Getting exercise supports physical and mental health. It also is a great way to practice experiencing and tolerating up-regulation. Some children will automatically be excited to exercise, in which case you can suggest a walk, a jog, swimming laps together, etc. Some kids need physical activities to be framed as fun and games. You can do that by making your walk a nature walk, opting for soccer or whiffle ball instead of jogging, creating a timed scavenger hunt, an obstacle course, a yard games Olympics, or something else new and creative.
To capitalize on the emotion regulation learning opportunities in physical activities, take a moment to notice what your bodies feel like when your heart rates are high. Decide together at regular intervals whether you would like to continue to keep heart rates high for a while longer (keep exercising / keep moving) or decrease your heart rate for a bit (slow down, or stop and rest, and take a few deep breaths).
Fun with Down-Regulation
Self-care can help kids expand their personal repertoire of calming activities. Give each other back rubs or mani-pedis. Use face masks or hair masks together. Put on some mellow music. Light candles. Fill the room with relaxing steam from the shower or a diffuser and essential oils. Lie down on soft, cozy blankets, and set cucumber slices over your eyes. Reflect on what it feels like to be totally relaxed. Talk about the connections between muscle relaxation and heart rate.
Have everyone – kids & adults – do a power hour of reading.

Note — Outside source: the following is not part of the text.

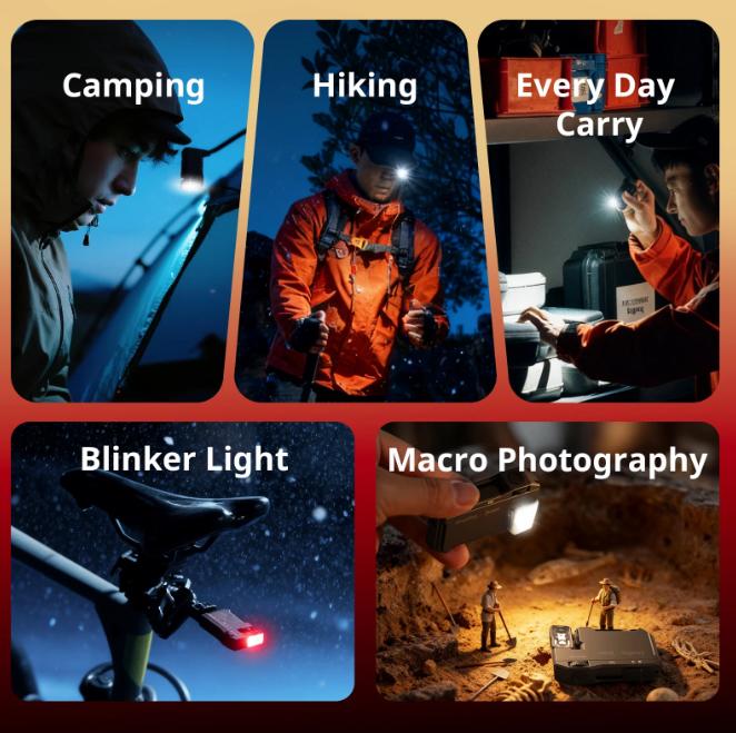 · Ultra-Compact & Lightweight: About the size of a Zippo lighter and weighing only 54.0g (1.9 oz), this pocket-friendly flashlight is the perfect Everyday Carry (EDC) companion · 5-in-1 Multi-Functional Design: Features a rotatable light head, magnetic base, back clip, 1/4"-20 mounting hole, and an included diffuser for versatile use · Powerful & Long-Lasting: Delivers 400 lumens with an 82m (269ft) throw, providing 50 minutes of runtime in high mode and up to 65 hours in low mode · Adaptive Lighting: RGB effects + stepless 6500K brightness adjustment + IP65 waterproofing, making it suitable for diverse scenarios

Read favorite old books and stories again, or try something new. Next, set a timer for 20 minutes or so, and have each person take that time to draw something about their book that they would like to share, then take turns sharing your drawings with each other.

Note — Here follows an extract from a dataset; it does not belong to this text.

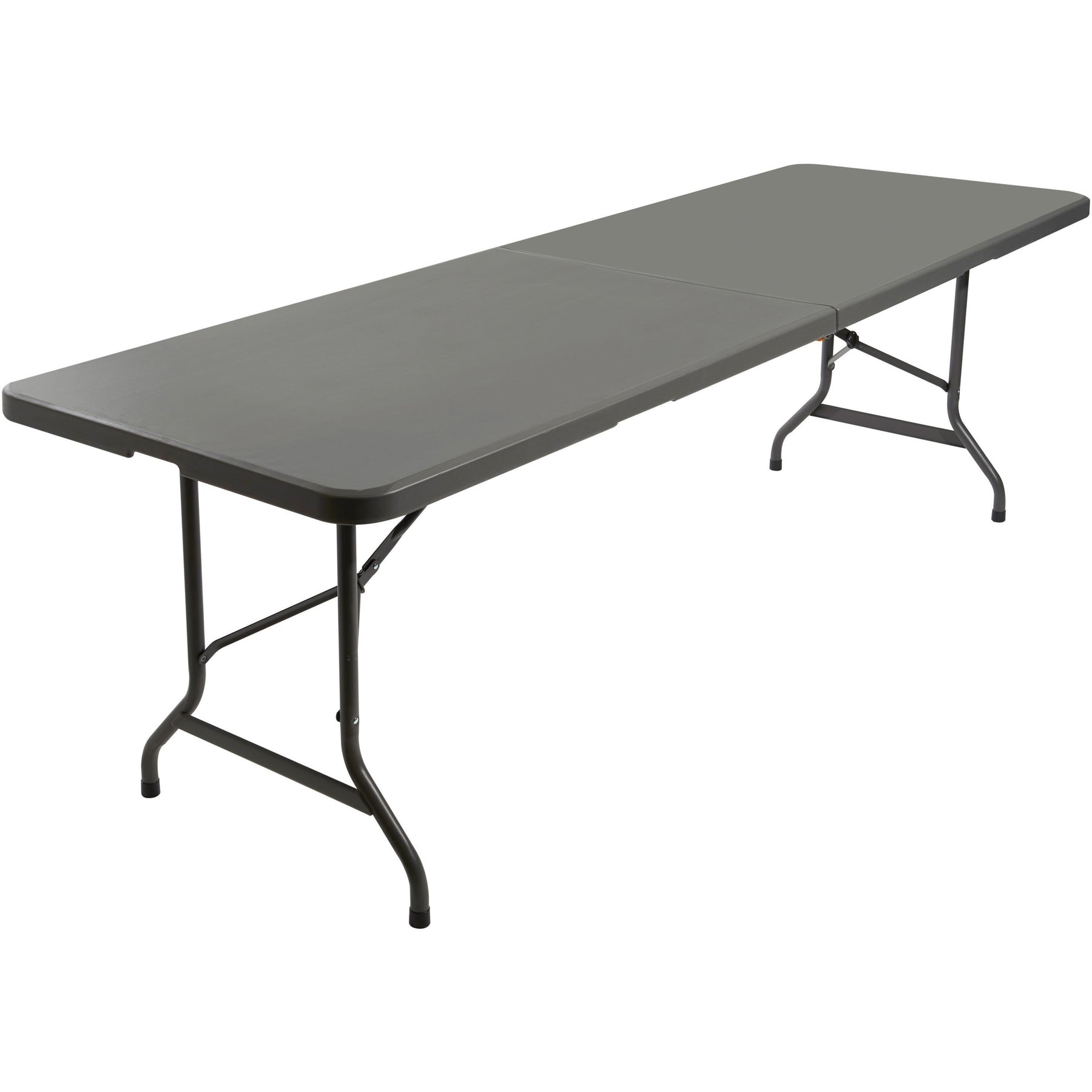 Folding table is made for heavy-duty use indoors or outdoors yet is 30 percent lighter than standard folding tables. 2" tabletop is made of durable, blow-molded, high-density polyethylene that is dent-resistant and scratch-resistant. Tubular legs are made of heavy-gauge steel with a powder-coat finish. 1" round legs fold into recessed cavities beneath the table. Bifold Folding Table is designed to nest with other Iceberg IndestrucTable TOO 1200 Series tables when stacking to allow maximum storage capacity.

Alternatively, have everyone read the same book or story- together, or separately. Then talk about the book together. You can focus on what happened in the book, and how the characters in the book might have felt when things happened or how they resolved conflicts. What kinds of things would help the characters in the book raise or lower their heart rate?
At a quiet time during the day, or when you’re out together on a walk, spend some time reflecting. What went well at school or work in the months leading up to the break? What could have gone better? What are some things you might like to do more of, continue with, or do less of in the weeks and months after the break? Or consider the same types of questions, focusing on just today, or on family traditions around this time of year, or shared situations or memories that might benefit from a bit of reflection.
Winter Break can be a good time to get into a regular gratitude routine with kids. Pick a time of the day, or a day of the week, when you’re going to take turns naming things you’re grateful for. Having a bit more time than usual during break might also give you chances to turn your gratitude activities into a creative project. You can decorate a gratitude box, where people can drop slips of paper naming or drawing things they’re grateful for – then you can read them out loud every once in a while. Or you can construct a gratitude tree, which can grow over time with leaves made of grateful words or drawings. As you share your gratitude with each other, take a few deep breaths and a mindful minute, to appreciate each other and to be together in the present moment.
Note from Mightier Clinicians
School breaks can be a wonderful time to practice emotion regulation together. At Mightier, we are constantly working to help families improve their mental health, while also having fun.